Rechtbank Gelderland oordeelt dat een vrouw uit Overijssel die zichzelf klimaatstaker noemt geen korting op haar belastingaanslag krijgt. Zij wilde die korting omdat zij er bezwaar tegen heeft dat de overheid meer dan 5 procent van het geïnde belastinggeld besteedt aan subsidiëring en bevoordeling van fossiele bedrijven. De rechtbank oordeelt dat de belastingaanslag juist is en niet in strijd is met algemene rechtsbeginselen.
De vrouw deed aangifte voor de inkomstenbelasting volgens de wet en betaalde de opgelegde aanslag. Zij maakte daar bezwaar tegen en stelde beroep in bij de rechtbank, omdat zij wilde dat de overheid zich houdt aan de afspraken die de overheid heeft gemaakt in het Klimaatakkoord van Parijs, om het leven van toekomstige generaties niet in gevaar te brengen. Het handelen van de overheid druiste volgens haar in tegen de beginselen van behoorlijk bestuur, de Grondwet en internationale verdragen.

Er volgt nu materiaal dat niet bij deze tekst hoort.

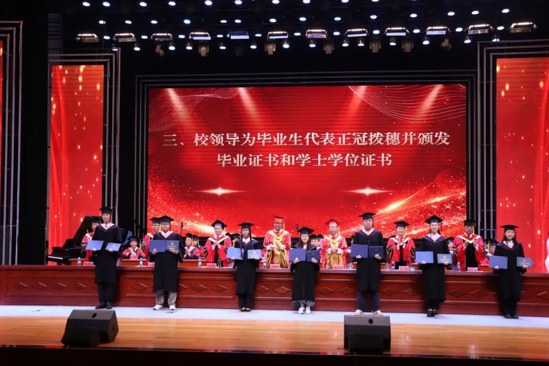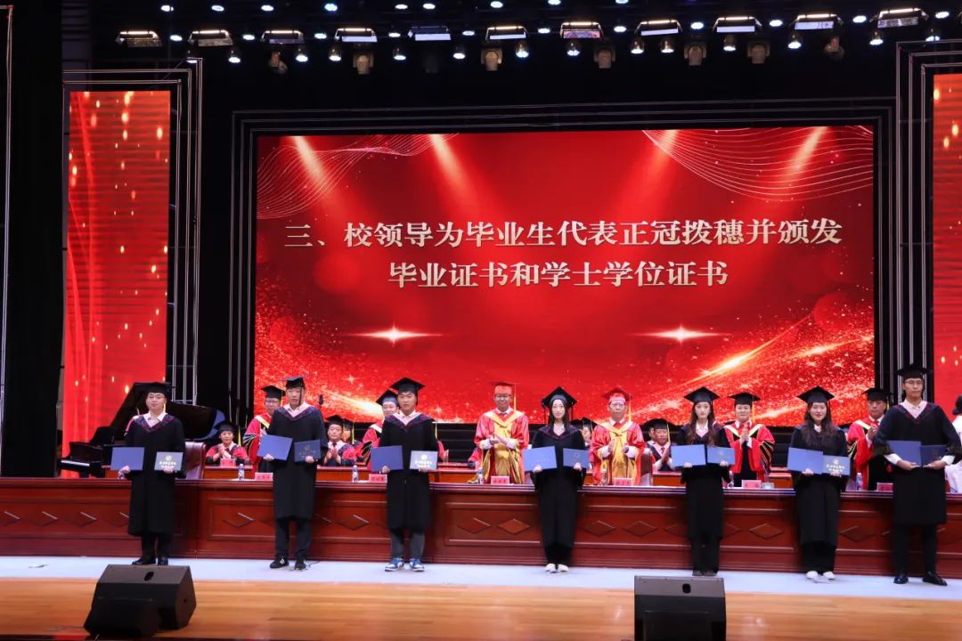 拨穗颁发毕业证书和学士学位证书

Algemene beginselen van behoorlijk bestuur niet geschonden
Volgens de rechtbank is er geen rechtstreeks verband tussen de aanslag die de vrouw heeft ontvangen en de zogeheten fossiele subsidies. In feite komen de bezwaren erop neer dat belanghebbende een andere besteding van de belastinggelden wenst, maar daar kan de belastingrechter niet over beslissen. De wetgever houdt bewust de regels over de vaststelling van de belastingaanslag en de besteding van het geld uit elkaar. De belastingrechter ziet hierin geen schending van de algemene beginselen van behoorlijk bestuur. Voor zover de vrouw meent dat een daadwerkelijke mogelijkheid ontbreekt om op te komen tegen de beslissing over de besteding van het belastinggeld, moet zij naar de civiele rechter.